_Extracted records:_

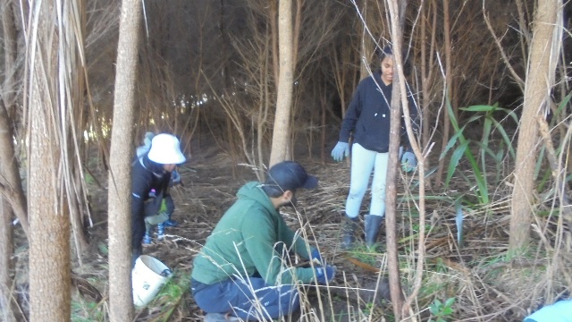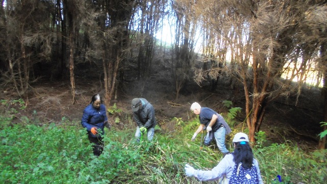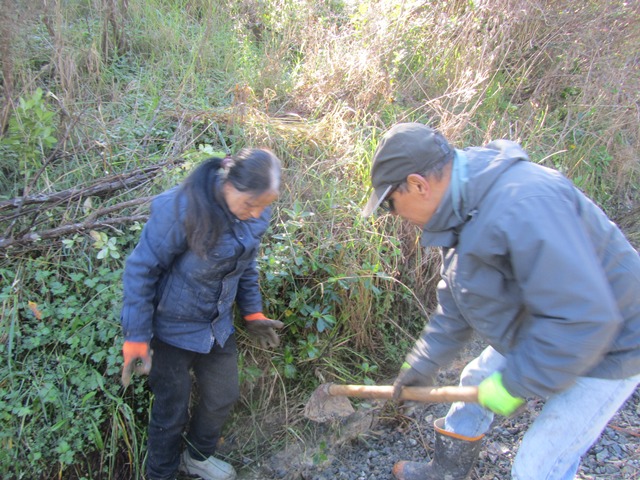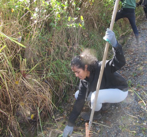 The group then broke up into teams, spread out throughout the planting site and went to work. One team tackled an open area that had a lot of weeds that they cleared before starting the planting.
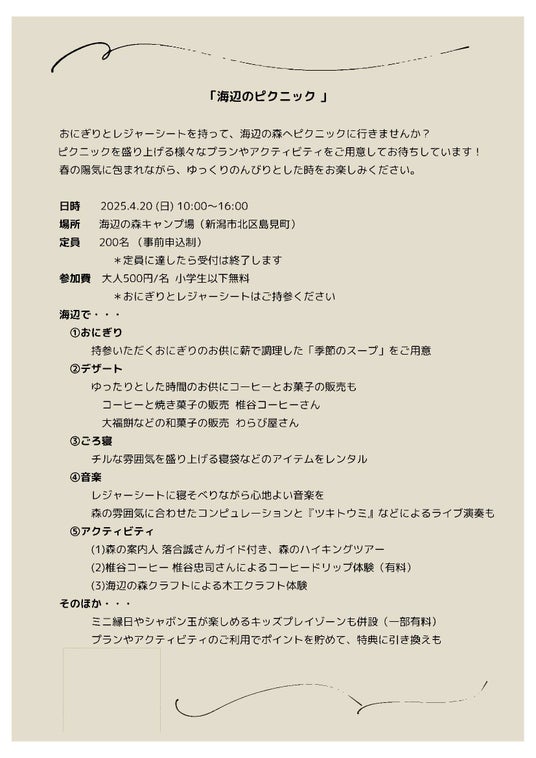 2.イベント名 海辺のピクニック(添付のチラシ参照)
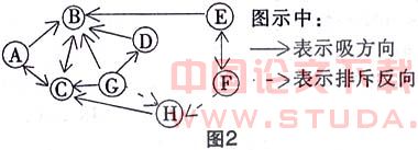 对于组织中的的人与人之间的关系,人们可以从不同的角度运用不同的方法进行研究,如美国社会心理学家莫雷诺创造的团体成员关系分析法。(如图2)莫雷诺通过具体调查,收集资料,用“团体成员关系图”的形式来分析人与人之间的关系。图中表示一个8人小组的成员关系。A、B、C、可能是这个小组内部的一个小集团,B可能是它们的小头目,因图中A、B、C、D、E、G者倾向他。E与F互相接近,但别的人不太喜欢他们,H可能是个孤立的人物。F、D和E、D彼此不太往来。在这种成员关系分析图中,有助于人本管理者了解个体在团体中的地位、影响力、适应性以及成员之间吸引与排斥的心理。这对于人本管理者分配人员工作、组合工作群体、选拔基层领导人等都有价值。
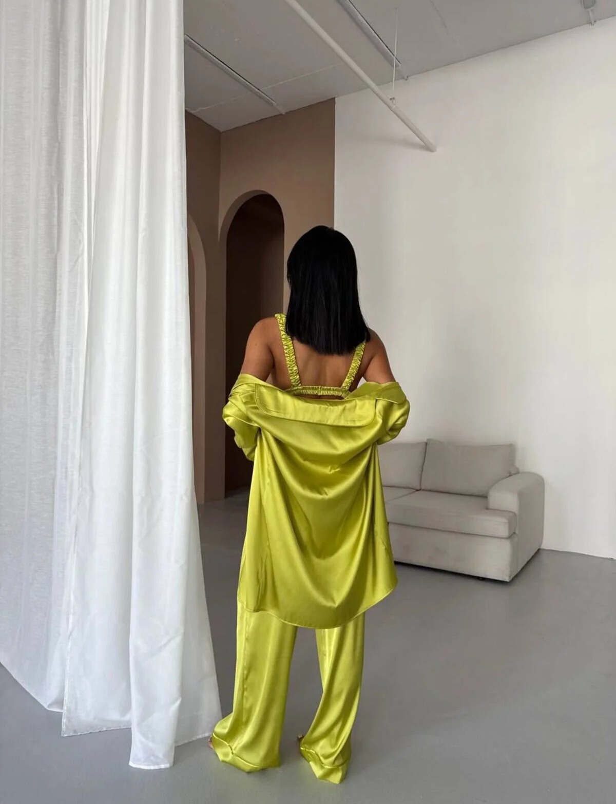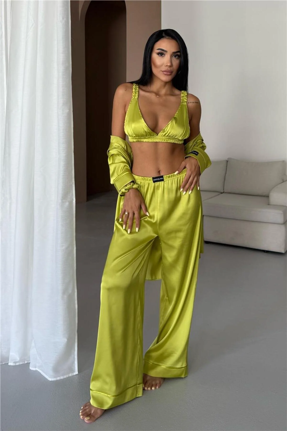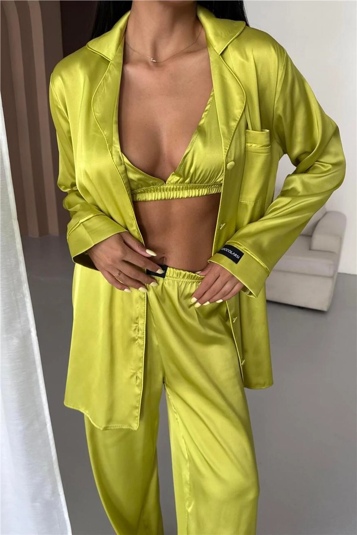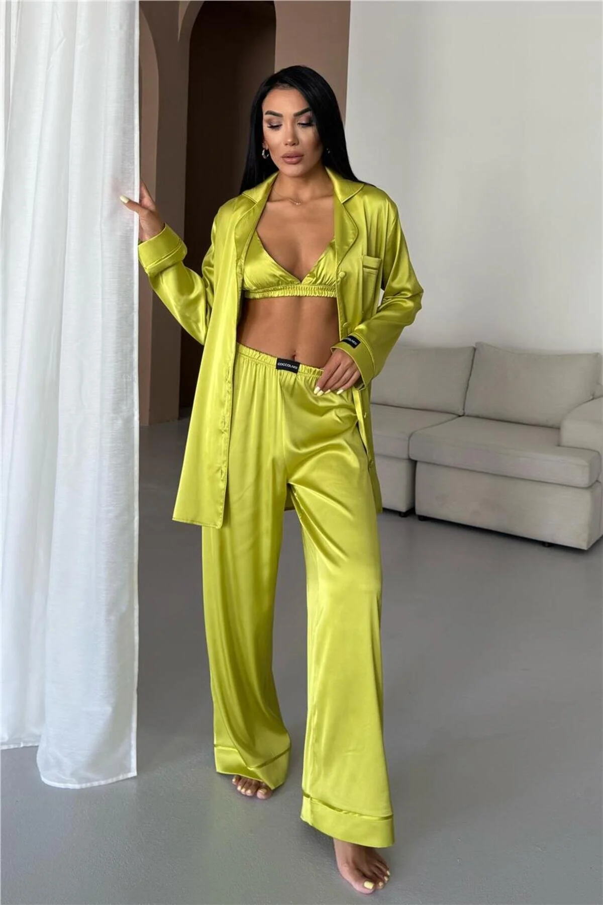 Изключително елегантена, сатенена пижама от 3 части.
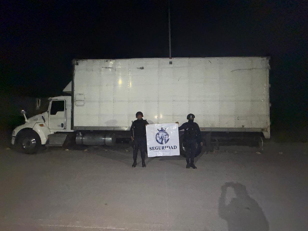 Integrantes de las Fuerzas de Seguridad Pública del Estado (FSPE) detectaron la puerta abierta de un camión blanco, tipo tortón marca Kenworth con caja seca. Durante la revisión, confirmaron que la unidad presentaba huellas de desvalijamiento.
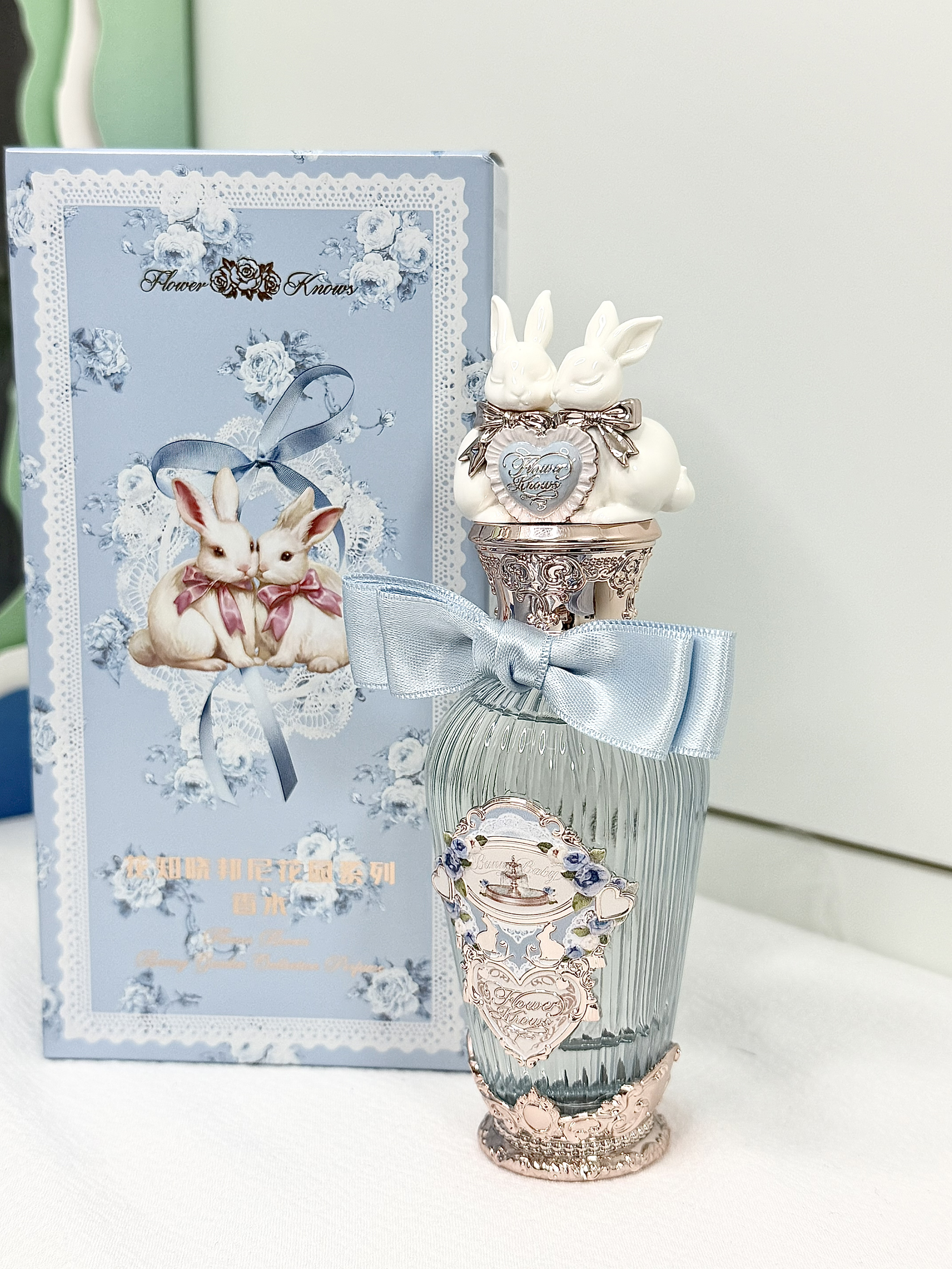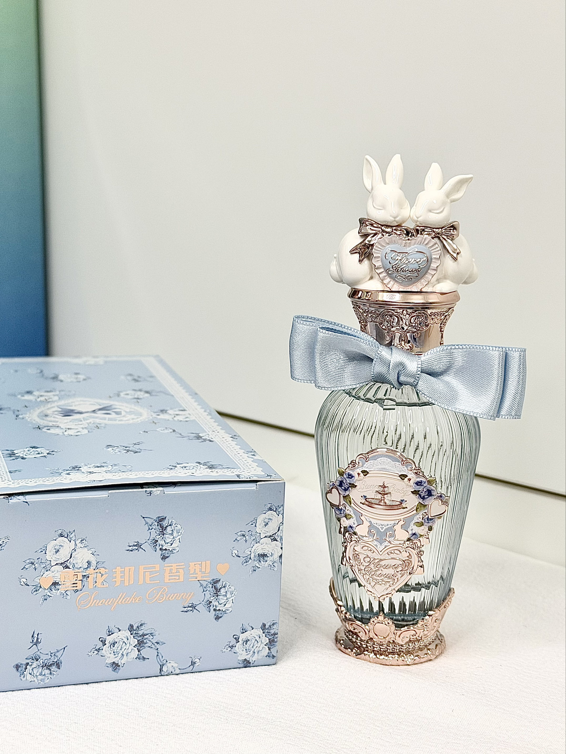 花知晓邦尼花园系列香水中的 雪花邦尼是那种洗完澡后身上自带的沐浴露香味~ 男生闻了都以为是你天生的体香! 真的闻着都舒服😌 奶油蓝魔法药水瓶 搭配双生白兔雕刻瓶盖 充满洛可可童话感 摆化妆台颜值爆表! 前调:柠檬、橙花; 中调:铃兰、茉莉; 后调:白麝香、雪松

_What is needed:_ Write the listing above out again exactly, dropping each image.

_Answer box:_
 The group then broke up into teams, spread out throughout the planting site and went to work. One team tackled an open area that had a lot of weeds that they cleared before starting the planting.
 2.イベント名 海辺のピクニック(添付のチラシ参照)
 对于组织中的的人与人之间的关系,人们可以从不同的角度运用不同的方法进行研究,如美国社会心理学家莫雷诺创造的团体成员关系分析法。(如图2)莫雷诺通过具体调查,收集资料,用“团体成员关系图”的形式来分析人与人之间的关系。图中表示一个8人小组的成员关系。A、B、C、可能是这个小组内部的一个小集团,B可能是它们的小头目,因图中A、B、C、D、E、G者倾向他。E与F互相接近,但别的人不太喜欢他们,H可能是个孤立的人物。F、D和E、D彼此不太往来。在这种成员关系分析图中,有助于人本管理者了解个体在团体中的地位、影响力、适应性以及成员之间吸引与排斥的心理。这对于人本管理者分配人员工作、组合工作群体、选拔基层领导人等都有价值。
 Изключително елегантена, сатенена пижама от 3 части.
 Integrantes de las Fuerzas de Seguridad Pública del Estado (FSPE) detectaron la puerta abierta de un camión blanco, tipo tortón marca Kenworth con caja seca. Durante la revisión, confirmaron que la unidad presentaba huellas de desvalijamiento.
 花知晓邦尼花园系列香水中的 雪花邦尼是那种洗完澡后身上自带的沐浴露香味~ 男生闻了都以为是你天生的体香! 真的闻着都舒服😌 奶油蓝魔法药水瓶 搭配双生白兔雕刻瓶盖 充满洛可可童话感 摆化妆台颜值爆表! 前调:柠檬、橙花; 中调:铃兰、茉莉; 后调:白麝香、雪松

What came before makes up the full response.